While in the WAG that 10% ASP slug is substituted by water. The first
depositional system is an isotropic and homogenous reservoir. The recovery of
ASPaM is definitely more than the other schemes especially if time is
considered as shown in figure 3 a-b. Moreover ASPaM displays less water cut,
shown in figure 3c. Although PASP, which stands for pure ASP injection, shows
better recovery but is not economically feasible as the production life is too
long for the same recovery and cost of injection materials is very high.
The alkaline consumption by carbonic
acid is an important issue but, since ASP and CO2 are being injected
alternatively, they don’t mix entirely and consequently the alkaline
consumption and gas/liquid mass transfer is expensive. Nevertheless this
complex system is simulated for a 2-D model, a diagonal of the sector model.
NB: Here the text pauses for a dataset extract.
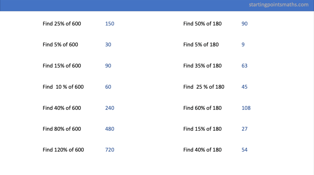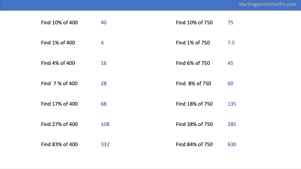 This series of percentage questions was designed for a class who had seen percentages many times, but were trying to “remember” how to find specific percentages. I wanted to draw attention to how it is possible to find any percentage using additive and multiplicative reasoning. Once pupils get the first question correct in each set, the others can be done by simply multiplying/dividing or adding up the previous answers in varying combinations.

Figure 4 reveals no considerable change in ultimate recovery may happen if the
alkaline consumption were to be considered.
The recovery of ASPaM was
investgated in three heterogenous systems: coarsening upward, fining upward and
random-heterogeneity. The absolute permeability ratio of the overlaying stratas
in the coarsening upward system is 1/2/3 while in fining upward it is 3/2/1.
ASPaM in both fining upward and coarsening upward shows better recovery than ASP
and CO2 flooding alone while WAG almost has the same performance
with ASPaM in the fining upward deposition. However the recovery of both is
much more than the homogenouse system, figure5. The difference between the WAG
and ASPaM performance increases in coarsening upward in comparison with a
perfectly homogenous system and it is attributed to better micro sweep
efficiency of the bottom layer in ASPaM, while in WAG, the miscible
zone, CO2 front, is redirected to the upper layers, figure6, thus
the bottom layer displacement is immiscible. In the fining upward deposition,
the miscible zone of CO2 is redirected to bottom layers and improves
the recovery of WAG. Therefore the difference between them reduces.
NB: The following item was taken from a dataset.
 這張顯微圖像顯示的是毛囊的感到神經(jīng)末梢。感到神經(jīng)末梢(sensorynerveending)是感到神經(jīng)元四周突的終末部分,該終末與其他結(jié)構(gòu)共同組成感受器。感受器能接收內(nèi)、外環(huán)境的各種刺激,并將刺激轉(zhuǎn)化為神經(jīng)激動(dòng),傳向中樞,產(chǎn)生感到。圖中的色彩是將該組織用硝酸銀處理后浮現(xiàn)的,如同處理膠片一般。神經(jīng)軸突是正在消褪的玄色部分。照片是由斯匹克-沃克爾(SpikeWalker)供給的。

The random heterogeneity is
more complicated as the average permeability is changing with respect the path
chosen by the fluid. Two faces were chosen for this system, where the low
permeability faces has 7% of the high permeability faces permeability within
the same porosity. The stochastic program was written to calculate the average
permeability for any arbitrary pass, in addition to the average permeability in
the diagonal heterogeneity is the Lohrenz coefficient. But the Lohrenz
coefficient may not be the authors employed the described methodology, which is
based on flow direction, and represents better effect of permeability
heterogeneneity on fluid flow.
The results for ASPaM were
unexpected; the recovery of ASPaM increased in these random-wise
heterogeneities while the recovery of WAG reduced. Maps of the solvent
saturation in the random system, reveals its saturation in the deeper layers
increases, which improves the recovery. At the same time the saturation of the
trapped oil in the WAG process in heterogenous systems is increased, due to the
fact that it interferes with the positive effect of miscible displacement by CO2.
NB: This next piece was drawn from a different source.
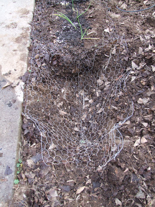 穴を掘ったら下から掘りねずみにやられないように網を敷きます。

In fact heterogeneity has two effects; it increases the saturation of trapped
oil due to local trapping of the oil phase, which is a negative effect of
heterogeneity. In addition it may have a positive effect redirecting the
solvent zone to the non-swept area.
Based on this vision it was
expected that CO2 flooding would give better results since less oil
would be trapped by water. Figure 7 shows the recovery of ASPaM, WAG and CO2
for the homogenous and two randomly heterogeneouse systems. The recovery by CO2
flooding, in the heterogenous cases, shows a sudden rise after 4 PV injection
and overtakes the ASPaM after 9 PV for
Case-2, and for Case-1 it happens after another 3 PV of injection (12PV).
Conclusion:
This EOR scheme which is a combination of the two favorable commercial schemes,
ASP and CO2 flooding, shows a significant improvement in incremental
recovery. In addition it has less injectivity problem as the well has less
water cut. Furthermore, heterogeneity did not affect recovery significantly and
even may have a positive effect on recovery especially for a fining upward
deposition and a randomly heterogeneous system.